Try it ▸ Could the lines from the start of the data through the line with "One of the housing" be set down exactly, with no pictures among them?

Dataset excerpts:
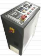
ELECTRIC CONTROL PANEL
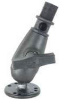
RAM-112-1 RAM SINGLE BALL MOUNT WITH 1/2" NPT HOLE
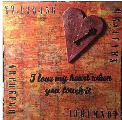
16. "Heart Touch" Teacher: Cynthia Estes

Email: cindi3021@yahoo.com Phone: 317-289-1020 Medium: Acrylic/Mixed Media Skill Level: All Surface Size: 12" x 12" Source: Cynthia Pre-Pay: No Kit Cost: $25 (Stamp set, white pen, stencil, applicator, heart form, key, tissue wrap, surface)
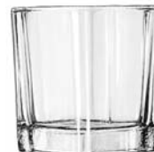
Rocks No. 5279 9 oz./26.6 cl./266 ml. H3½ T3 B2¾ D3 3 doz./34# • .91 cu.ft. SCC 766468 TRAEX TR-6B □
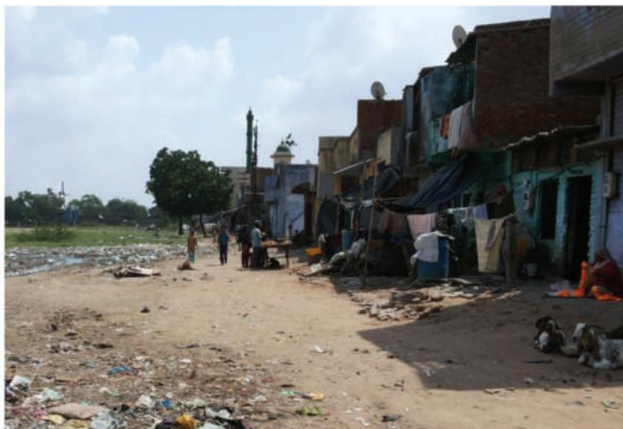
One of the housing societies built by a builder in Bombay Hotel

Several factors have come together to create these unsafe conditions. The state has been largely absent in the locality in terms of planning the built environment and providing infrastructure and services. The rise of some individuals and groups that exert control and power over the other residents of the locality through coercion, threats and direct violence, and the fear that residents experience on a regular basis for their life, family and property are a consequence of this absence of the welfare state as well as the absence of responsive policing. The prevailing social and economic conditions in the locality create a particularly fertile ground for crime and violence to flourish.

Output of the exercise ▸
ELECTRIC CONTROL PANEL
RAM-112-1 RAM SINGLE BALL MOUNT WITH 1/2" NPT HOLE
16. "Heart Touch" Teacher: Cynthia Estes

Email: cindi3021@yahoo.com Phone: 317-289-1020 Medium: Acrylic/Mixed Media Skill Level: All Surface Size: 12" x 12" Source: Cynthia Pre-Pay: No Kit Cost: $25 (Stamp set, white pen, stencil, applicator, heart form, key, tissue wrap, surface)
Rocks No. 5279 9 oz./26.6 cl./266 ml. H3½ T3 B2¾ D3 3 doz./34# • .91 cu.ft. SCC 766468 TRAEX TR-6B □
One of the housing societies built by a builder in Bombay Hotel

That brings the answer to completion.